Stored items
####################
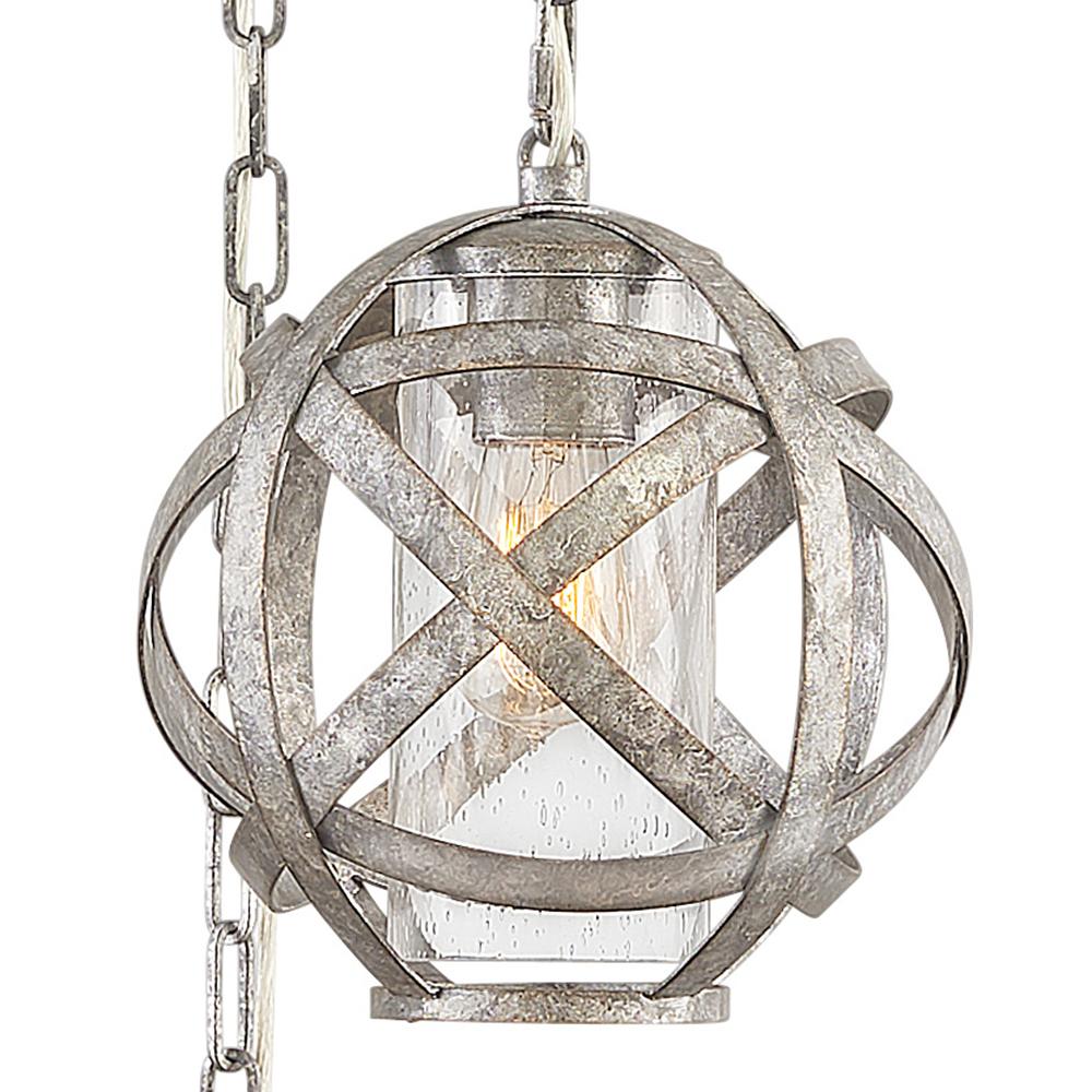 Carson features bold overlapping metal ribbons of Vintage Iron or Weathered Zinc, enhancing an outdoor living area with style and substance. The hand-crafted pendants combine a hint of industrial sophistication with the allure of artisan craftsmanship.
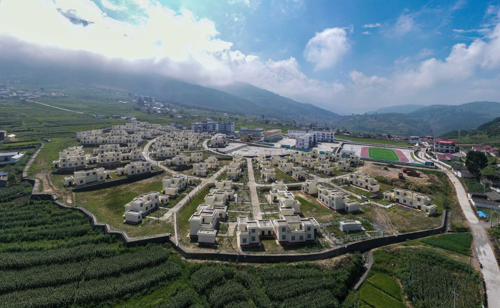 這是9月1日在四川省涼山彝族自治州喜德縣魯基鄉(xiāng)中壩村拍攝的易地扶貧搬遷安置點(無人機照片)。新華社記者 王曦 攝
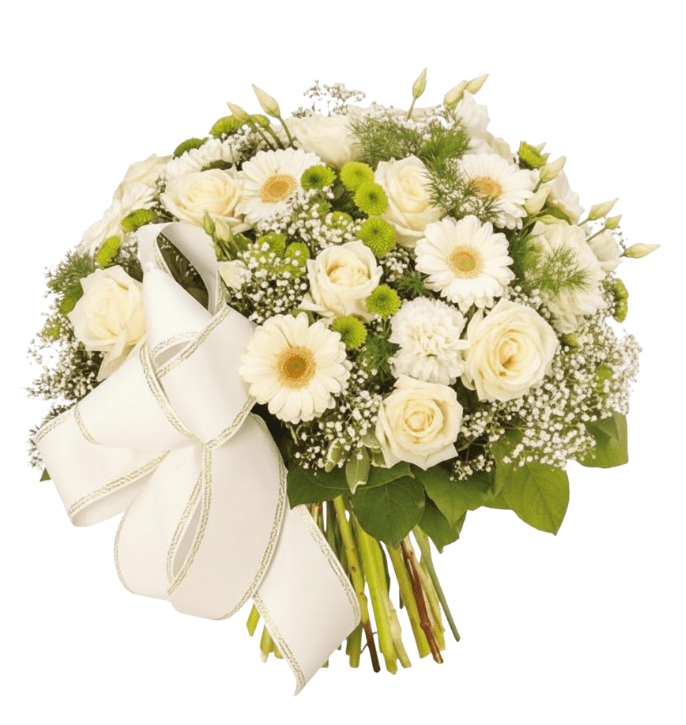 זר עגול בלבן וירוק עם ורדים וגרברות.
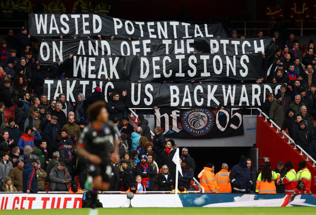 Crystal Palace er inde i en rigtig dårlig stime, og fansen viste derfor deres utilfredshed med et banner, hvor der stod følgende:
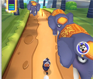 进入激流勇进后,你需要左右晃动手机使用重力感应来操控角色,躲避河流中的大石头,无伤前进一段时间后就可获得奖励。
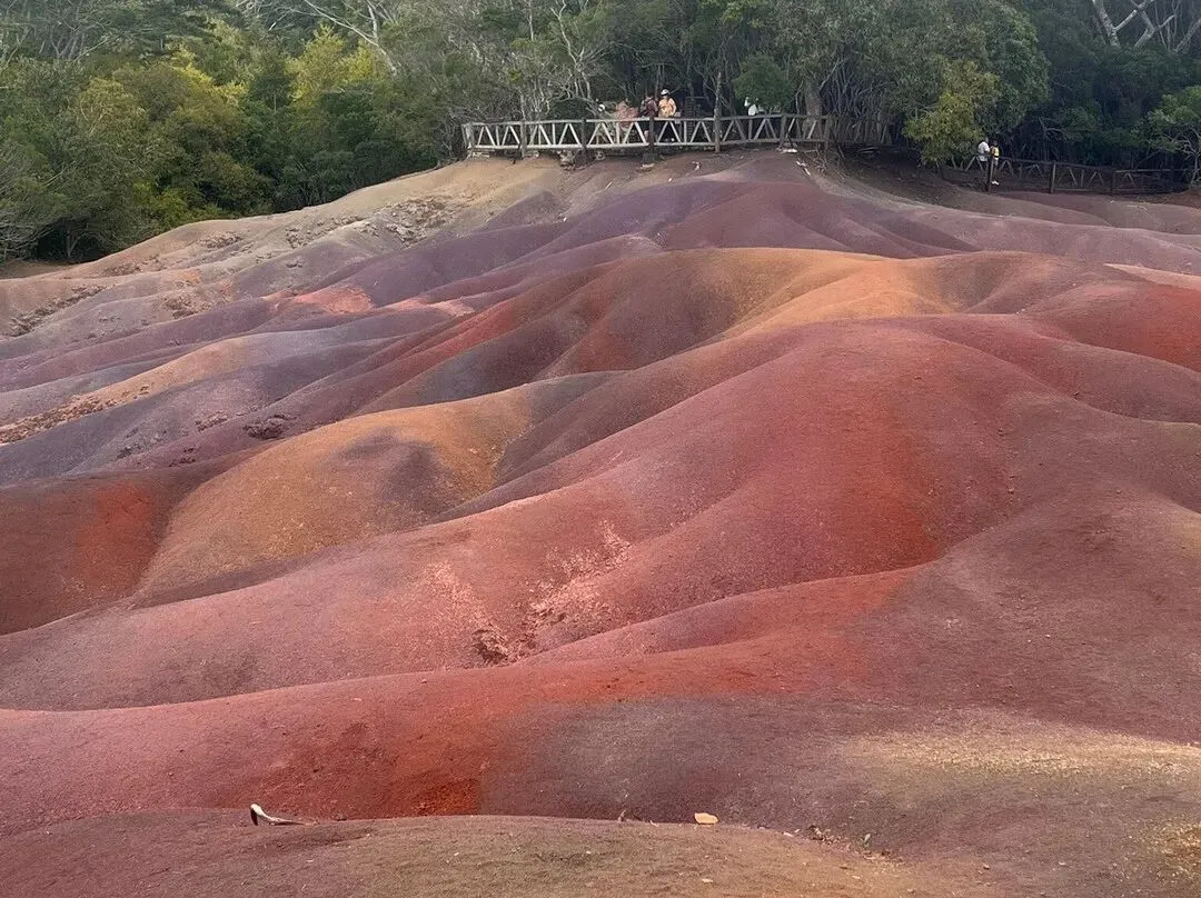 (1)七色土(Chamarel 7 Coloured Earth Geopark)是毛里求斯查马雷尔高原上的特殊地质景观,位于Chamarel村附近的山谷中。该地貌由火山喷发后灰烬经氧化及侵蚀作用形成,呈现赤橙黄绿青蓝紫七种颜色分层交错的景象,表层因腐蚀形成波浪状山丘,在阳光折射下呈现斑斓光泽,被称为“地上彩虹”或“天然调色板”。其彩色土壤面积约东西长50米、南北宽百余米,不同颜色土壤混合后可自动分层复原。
####################
* [What you have to do]
Emit an exact copy of the lines from the line bearing "Crystal Palace er" through the last line above, inclusive, and leave the images out.

* [Solved problem]
 Crystal Palace er inde i en rigtig dårlig stime, og fansen viste derfor deres utilfredshed med et banner, hvor der stod følgende:
 进入激流勇进后,你需要左右晃动手机使用重力感应来操控角色,躲避河流中的大石头,无伤前进一段时间后就可获得奖励。
 (1)七色土(Chamarel 7 Coloured Earth Geopark)是毛里求斯查马雷尔高原上的特殊地质景观,位于Chamarel村附近的山谷中。该地貌由火山喷发后灰烬经氧化及侵蚀作用形成,呈现赤橙黄绿青蓝紫七种颜色分层交错的景象,表层因腐蚀形成波浪状山丘,在阳光折射下呈现斑斓光泽,被称为“地上彩虹”或“天然调色板”。其彩色土壤面积约东西长50米、南北宽百余米,不同颜色土壤混合后可自动分层复原。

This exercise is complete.